Simple as that, in my code I am first determining the neighbourhood of a voxel and then determining the most frequent value in the neighbourhood. I am doing this for millions of voxels, so the computation time adds up. I am expecting this to take quite some time, however my entire code has been running for about 2.5 days now with no end in sight and I've determined that the bottleneck is this section of my code. Using profiler it appears that the function "mode" takes up almost 50% of the computation time of the this function, and about 25% of my entire code.
My method of determining the neighbourhood is the next slowest part of the code using: neighbourhood = im(i-1:i+1,j-1:j+1,k-1:k+1);
Does anyone have a good alternative to "mode" i can use in this situation? If anyone has any more efficient suggestions for finding the neighbourhood of the voxels that would also be appreciated.
Thanks!
for i = 1:size(lcoords,1)
%Get neighbourhood of voxel i from list of image voxel subscripts
neighbourhood = im(lcoords(i,1)-1:lcoords(i,1)+1,lcoords(i,2)-1:lcoords(i,2)+1, lcoords(i,3)-1:lcoords(i,3)+1);
neighbourhood(neighbourhood == imcoords(i,2)) = []; %Ignore parts of the neighbourhood that have same value as current voxel
if ~isempty(neighbourhood) %If the voxel is surrounded by any values not including its own region, find the mode of the neighbourhood
imcoords(i,3) = mode(neighbourhood(:)); %record the mode
end
end

5 Comments

Please show your code
The only idea i have is to change these lines
neighbourhood(neighbourhood == imcoords(i,2)) = []; %Ignore parts of the neighbourhood that have same value as current voxel
if ~isempty(neighbourhood) %If the voxel is surrounded by any values not including its own region, find the mode of the neighbourhood
On
tmp = neighbourhood == imcoords(i,2)
if any(~tmp)
I think it would be faster
What about mode?
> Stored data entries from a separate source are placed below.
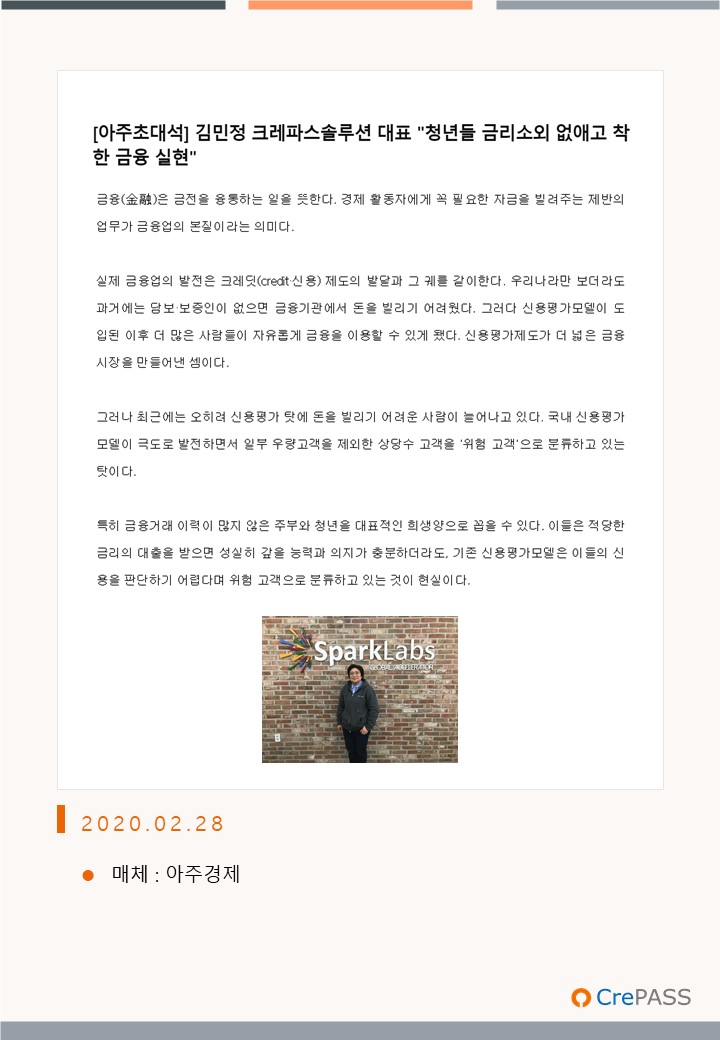 [아주초대석] 김민정 크레파스솔루션 대표 "청년들 금리소외 없애고 착한 금융 실현"
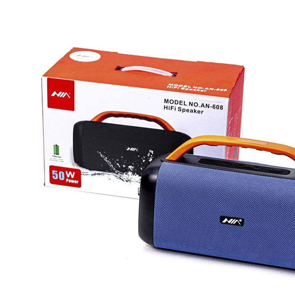 PARLANTE NIA AN-608 / ULTRA BASS / BLUETOOTH / POTENCIA 50W / USB / RADIO FM / MP3 / HANDS FREE / BATERIA 7200 MAH / AZUL / PRODUCTO NO SUMERGIBLE, RESISTE SOLO SALPICADORAS
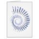 Un fósil minimalista, gráfico y simple de amonita en azul y blanco inspirado en uno que se encuentra en la costa Jurásica.

Is there something to simplify there?
Example:
tic
for i = 1:1e6
a = ones(5);
a(3) = [];
end
toc
tic
for i = 1:1e6
a = ones(5);
a(3) = 0;
end
toc
Because ofre-sizing the arrays on each iteration
Thanks, I will change those lines, but the real bottleneck is the mode function. Thats what I would like to simplify as it takes up 50% of the time in my function.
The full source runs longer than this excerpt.